Schistosomiasis is a common helminthic infection in the tropics and subtropics, particularly in sub-Saharan African countries including Ethiopia. It imposes major health problems in areas where schistosomiasis is endemic. Neuroschistosomiasis is a rare but severe disorder caused by schistosoma and can occur at any time during schistosomal infection. The prognosis depends largely on early diagnosis and treatment.

Case report

A 30 years old male patient presented with bilateral lower extremity weakness and urinary retention (with urinary catheter in situ) of two weeks duration.
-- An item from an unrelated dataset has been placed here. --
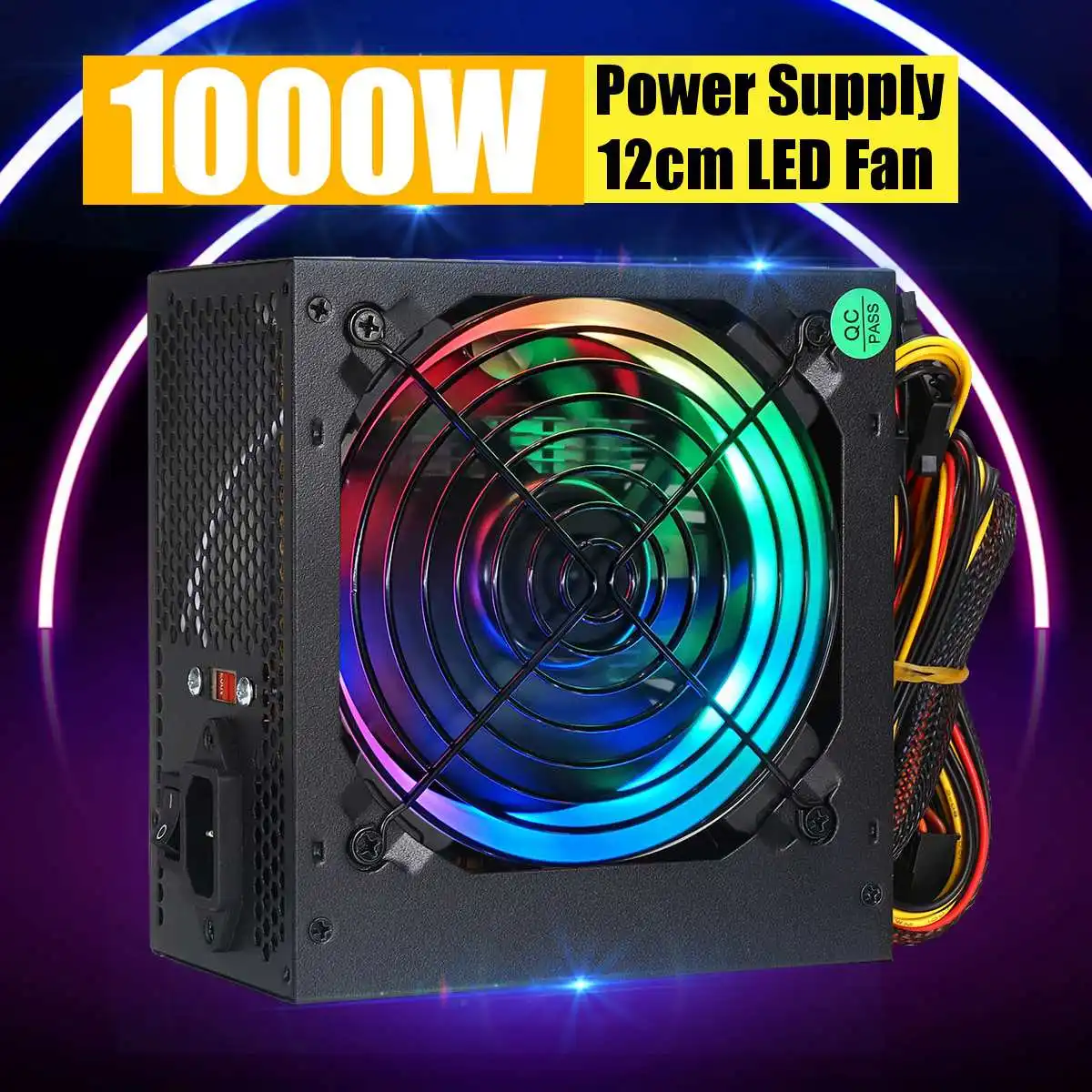 Блок питания, макс. 1000 Вт, 12 см, многоцветный светодиодный rgb вентилятор, 24 контакта, PCI SATA 12 В, блок питания для настольного компьютера, игровой блок питания

He had power of 4/5, depressed reflexes and decreased sensation over the lower legs in the L4/L5distribution. Complete blood count (CBC) showed eosinophilia of 5.4%.Cerebro spinal fluid (CSF) analysis showed 50 White blood cells (WBC) with 64% lymphocytes. Magnetic resonance Image (MRI) with contrast showed distal cord and conus edema with increased T2 signal, with patchy, nodular, and linear cord surface enhancement.

Result

The patient started on high dose prednisone 1 mg/kg and Praziquantel 40 mg/kg/day on the third day of prednisone treatment and continued for five days. The patient showed significant neurologic improvement and the catheter was removed on the seventh day of treatment.

Conclusion

Spinal cord schistosomiasis should be suspected in individuals from low socioeconomic backgrounds and schistosomiasis-endemic areas who present with acute lower back pain, weakness, and urinary retention.